In the old-fashioned world of television, you would think that hundreds of millions of sets of eyeballs would guarantee you a healthy stream of advertising revenue. But according to the Australian Financial Review (AFR), industry group Free TV is claiming that Aussie producers of media content might be getting the raw end of the deal from the big US tech giants Alphabet, Inc. (NASDAQ: GOOGL) (NASDAQ: GOOG) and Facebook, Inc. (NASDAQ: FB).
The report notes the hit TV show Love Island, produced by Nine Entertainment Co Holdings Ltd (ASX: NEC), gets hundreds of millions of views on Alphabet’s YouTube platform, yet only receives compensation in the “low hundreds of thousands” from the advertising giant. It’s a situation Free TV says is all too common in today’s media landscape.
Free TV represents Nine as well as other commercial broadcasters such as Seven West Media Ltd (ASX: SWM), the Ten Network and Prime Media, and is pushing the Australian Competition and Consumer Commission (ACCC) to force Alphabet and Facebook to negotiate fairer revenue and data sharing arrangements, in order to ensure the traditional media companies continue to be viable in the brave new world they find themselves in.

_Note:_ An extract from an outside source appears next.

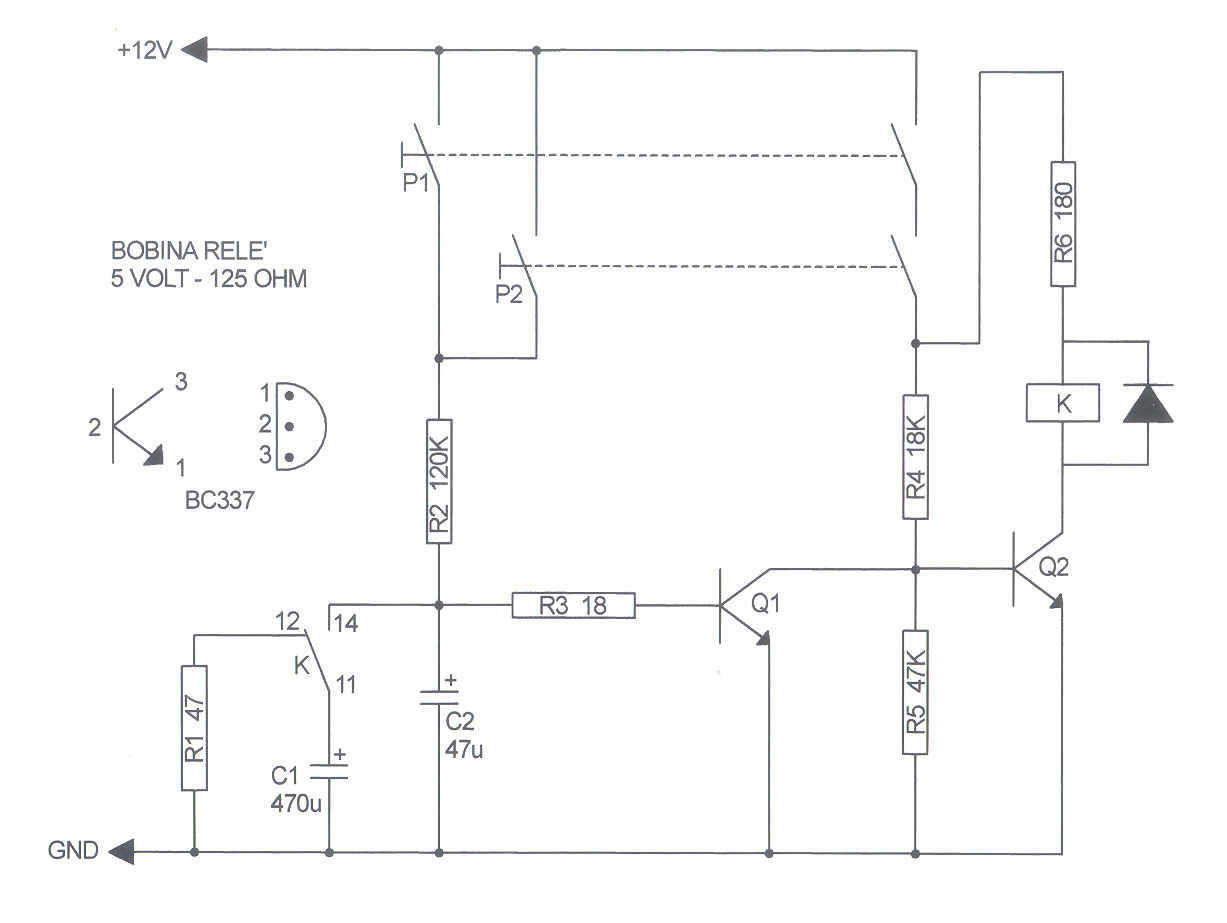 Se premuto per tempo il secondo pulsante eccita il relè, che tramite il contatto a scambio abilita il condensatore C1.

The ACCC has been hosting a 2-year enquiry into the modern Australian media landscape, which Free TV is hoping will end with an ACCC-monitored industry ‘code of conduct’ that codifies a revenue/data sharing arrangement that will level the playing field with ‘Big Tech’.
However, Alphabet and Facebook have hit back, saying that their platforms drive billions of referrals to Australian publishers every year.
In addition, Facebook has also recently entered into agreements with major Aussie producers like Nine, Ten and Seven as well as Junkee and Pedestrian.TV to host original content on its Facebook Watch platform.
Australian-owned Nine and Seven have been rapidly evolving to stay relevant in the digital age, which has seen a move away from traditional TV viewing as well as newspaper readership. The Ten Network was acquired by US media giant CBS in 2017.
Nine in particular has expanded its Stan and 9Now streaming platforms, which it expects to become profitable during this financial year. When the ACCC finalises its code of conduct, it will likely guide Nine and Seven’s earnings model for the coming decade, so it’s a space worth watching if you are a shareholder in either company.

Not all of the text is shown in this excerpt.